The model is not the product. The pipeline is. Any half-decent open-weights model will answer well if you hand it the right three paragraphs from a 4,000-document corpus. The hard part — the part that takes months of engineering, not an afternoon of prompt-tuning — is reliably getting to those three paragraphs from a messy, permission-controlled, multi-format estate that sits behind a firewall.

When I designed the Intelligence Brain, I made one architectural decision early: the pipeline runs on the customer's hardware, end to end. No data leaves the building. That constraint shapes everything downstream — you cannot lean on hosted parsing APIs, hosted embedding endpoints, or hosted vector stores. Every stage has to run locally, deterministically, and on commodity kit. That's harder, but it's also the only honest answer for a firm under the Solicitors Accounts Regulations, GDPR, or sector-specific supervisory regimes.

Stage one — ingest and source connectors

Ingest is the boring part nobody writes about, and it's where 60% of the engineering hours go. The Intelligence Brain ships connectors for the file systems and applications I see again and again in Irish SME and mid-market environments: Windows file shares, SharePoint and OneDrive, Microsoft 365 mailboxes, Outlook PST archives, network-attached scanners, document management systems used in legal and accounting practice, and standard SQL databases.

Each connector does three things. First, it enumerates — walks the source and produces a manifest of every object with its native identifier, last-modified timestamp, size, and access control list. Second, it deduplicates against the manifest from the previous run, so we only re-process what has changed. Third, it streams the binary content into a staging area on the local appliance, never holding more in memory than a single object at a time.

The ACL is preserved alongside the content. This matters more than people realise. If a partner's compensation review is in a folder only three people can see, the pipeline must carry that permission all the way through to retrieval, or you've built a very expensive leak. We attach the ACL as metadata at ingest and enforce it at query time — more on that below.

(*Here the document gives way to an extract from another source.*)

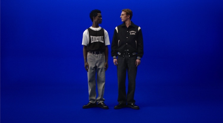 Creează combinația perfectă de preppy și confort cu blugi largi și o jachetă varsity.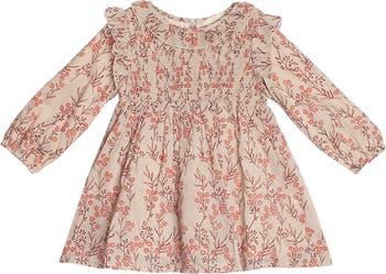 This long sleeve dress dress features a ruffled collar and shoulder detail while the smocked front adds a stylish touch. Crafted from a lightweight fabric, this dress is perfect for the crisp fall days, ensuring your little one stays cozy while looking effortlessly beautiful.

Stage two — parsing and OCR

The parsing stage takes raw bytes and produces structured text plus metadata. In an idealised demo this is one library call. In reality you are dealing with: native PDFs with embedded text, scanned PDFs with no text layer, PDFs that lie about having a text layer, Word documents with tracked changes, Excel files where the meaning lives in a pivot table, .msg and .eml mail with attachments-of-attachments, and a long tail of TIFF, HEIC, and proprietary formats from line-of-business apps.

The pipeline routes each format to a specialised parser. For PDFs we first attempt text extraction; if the extracted text is suspiciously sparse relative to the page count, we fall back to OCR. For OCR I use Tesseract with language packs configured for English and Irish, plus a layout model that preserves table structure — because a financial statement turned into one continuous run of digits is worse than useless.

For email, threading matters. A reply quoted inline ten times in a chain produces ten near-duplicate chunks if you parse naively. The parser collapses quoted history and keeps only the new content of each message, with a pointer back to the parent. This single decision dramatically improves retrieval quality on mailbox-heavy estates.

Every parsed document carries forward its provenance: source system, original path, ACL, parsed-at timestamp, parser version, and a content hash. Provenance is what lets you answer the auditor's question — "where did this come from?" — without hand-waving.

Stage three — chunking strategy

Chunking is where naive RAG implementations quietly destroy themselves. Splitting every document into 512-token windows with 50-token overlap is the default advice, and it's wrong for most real corpora.

The Intelligence Brain uses structure-aware chunking. For a contract, the unit is the clause. For a board pack, the unit is the agenda item. For an engagement letter, the unit is the section. For a long email thread, the unit is the individual message. We detect structure first — using headings, numbering schemes, and layout cues from the parser — and only fall back to fixed-window splitting when no structure is detectable.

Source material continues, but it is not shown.